_THE TASK_
Leave out the pictures and set down the rest of the listing below word for word.

_DATASET EXCERPT_
--- START ---
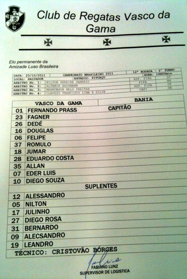 Fonte: Twitter do assessor de imprensa do Vasco Vinicius Gonçalves
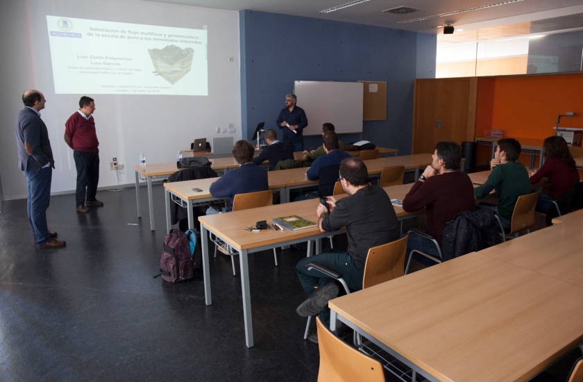 El Catedrático Luis Garrote y el profesor Luis Cueto-Felguerosa de la Universidad Politécnica de Madrid han impartido recientemente en la Universitat Jaume I una sesión en torno al modelado de fluidos en el interior de medios porosos, enmarcada en el ciclo ‘Jueves de Seminarios’ organizado por la Cátedra FACSA de Innovación en el Ciclo Integral del Agua de la Universitat Jaume I.
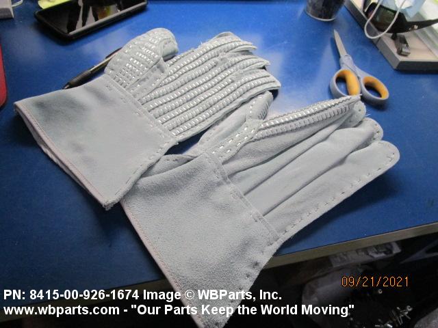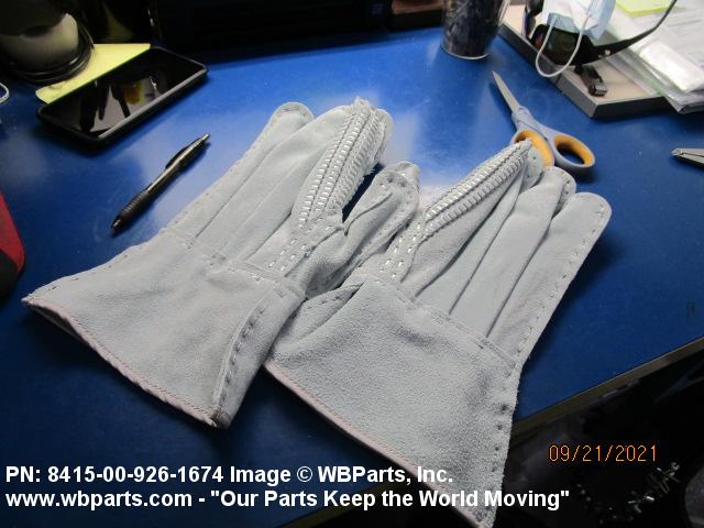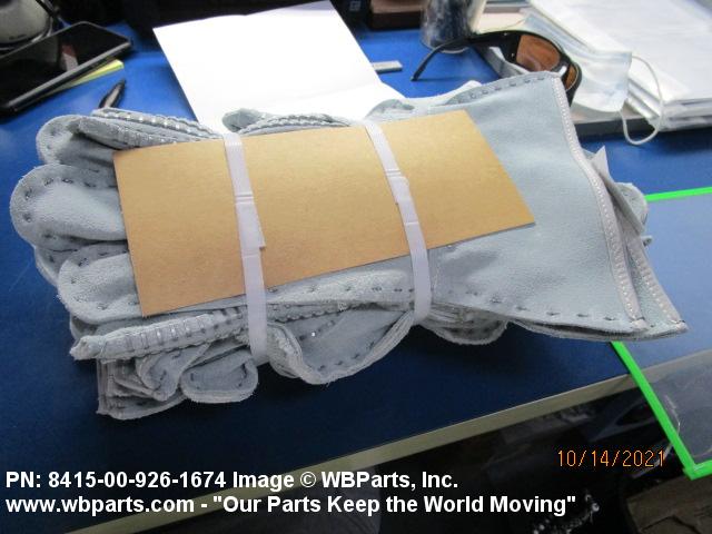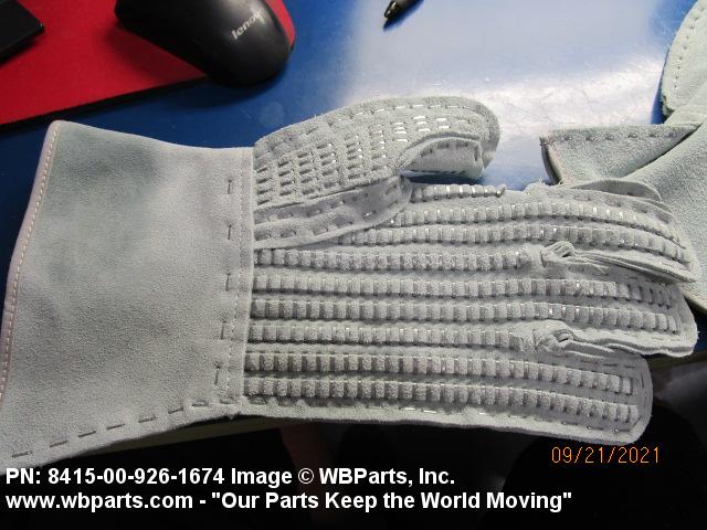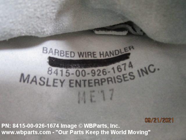 8415-00-926-1674 Gloves having the entire palm, including the fronts of the fingers and thumb, reinforced with leather strips and metal staples and stitching. They are designed specifically to protect the hands of personnel working with barbed tape and wire.
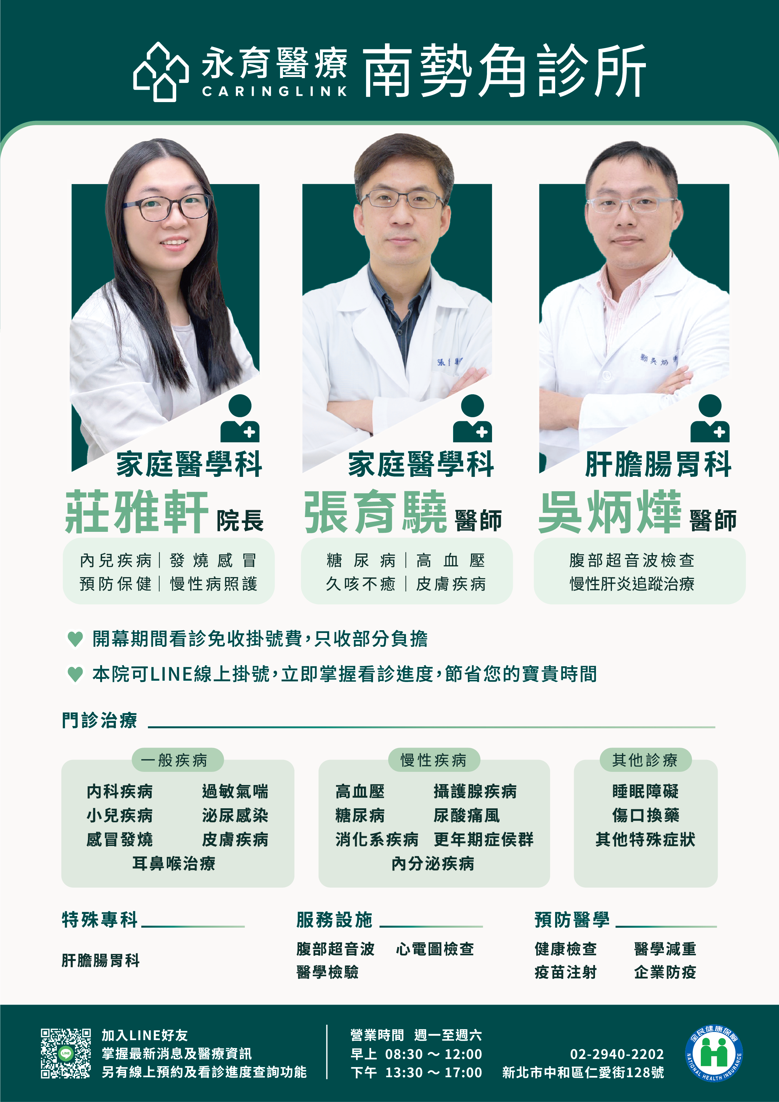 歡迎加入本診所LINE好友即時獲得最新消息與醫療資訊,已開通線上預約及看診進度功能,請多加利用。
--- END ---
_EXERCISE ANSWER_
 Fonte: Twitter do assessor de imprensa do Vasco Vinicius Gonçalves
 El Catedrático Luis Garrote y el profesor Luis Cueto-Felguerosa de la Universidad Politécnica de Madrid han impartido recientemente en la Universitat Jaume I una sesión en torno al modelado de fluidos en el interior de medios porosos, enmarcada en el ciclo ‘Jueves de Seminarios’ organizado por la Cátedra FACSA de Innovación en el Ciclo Integral del Agua de la Universitat Jaume I.
 8415-00-926-1674 Gloves having the entire palm, including the fronts of the fingers and thumb, reinforced with leather strips and metal staples and stitching. They are designed specifically to protect the hands of personnel working with barbed tape and wire.
 歡迎加入本診所LINE好友即時獲得最新消息與醫療資訊,已開通線上預約及看診進度功能,請多加利用。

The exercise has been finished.